Das klingt attraktiv, darf aber nicht mit einem klassischen liquiden Investmentfonds verwechselt werden. Private Anlagen sind häufig schwerer zu bewerten und zu verkaufen. Auch Kostenstrukturen, Rückgabemöglichkeiten, Laufzeiten und die konkrete Portfoliozusammensetzung verdienen deshalb besondere Aufmerksamkeit.

Der Cash.-Beitrag weist entsprechend darauf hin, dass auch ELTIFs ihre Tücken haben und der Vertrieb alternativer Investmentfonds weiterhin mit Schwierigkeiten zu kämpfen hat.

Was Anleger vor einem Sachwertinvestment prüfen sollten

Entscheidend ist deshalb nicht das Etikett „Sachwert“ oder „Private Markets“. Anleger sollten insbesondere prüfen, worin tatsächlich investiert wird, wie die Vermögenswerte bewertet werden, wie hoch die Fremdfinanzierung ist, welche Kosten entstehen und unter welchen Bedingungen das investierte Kapital wieder verfügbar ist.

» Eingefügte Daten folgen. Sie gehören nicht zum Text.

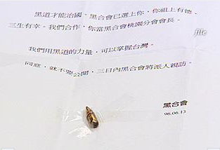據(jù)臺(tái)灣東森新聞報(bào)道,今年6月從桃園寄到“立法院”指名要給“立委”林淑芬等13名“立委”的恐嚇信,里面還有附2顆子彈,這個(gè)自稱“黑合會(huì)”的恐嚇者就是前云林縣調(diào)處調(diào)查員楊清海,早在7年前他就曾經(jīng)因?yàn)榭馗媲啊罢{(diào)查局長(zhǎng)”王光宇而聲名大噪。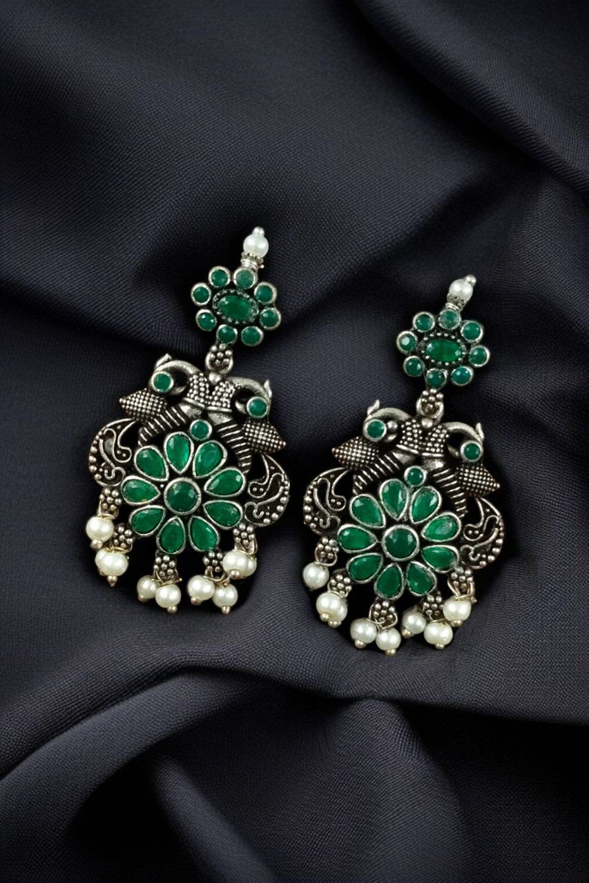 Green Traditional Indian Peacock Silver Plated Dangler Earring Stonework Affordable Boho Jewellery Earring

Auch die Laufzeit verdient besondere Beachtung. Wer Geld möglicherweise in zwei oder drei Jahren benötigt, sollte ein Investment mit langfristiger Kapitalbindung anders beurteilen als ein Anleger mit einem Anlagehorizont von zehn oder fünfzehn Jahren.

Fazit: Die Krise schafft Chancen – aber keine Schnäppchen-Garantie

2026 könnte für Sachwerte und Private Markets tatsächlich eine interessante Phase sein. Nach den Preisrückgängen der vergangenen Jahre sind manche Bewertungen attraktiver geworden. Antizyklisch zu investieren kann deshalb sinnvoll sein.

Die Probleme mehrerer offener Immobilienfonds zeigen allerdings eindrucksvoll, dass Sachwert nicht automatisch Sicherheit bedeutet. Immobilien können fallen, Fonds können Rücknahmen aussetzen und ein vermeintlich liquides Investment kann plötzlich langfristig gebunden sein.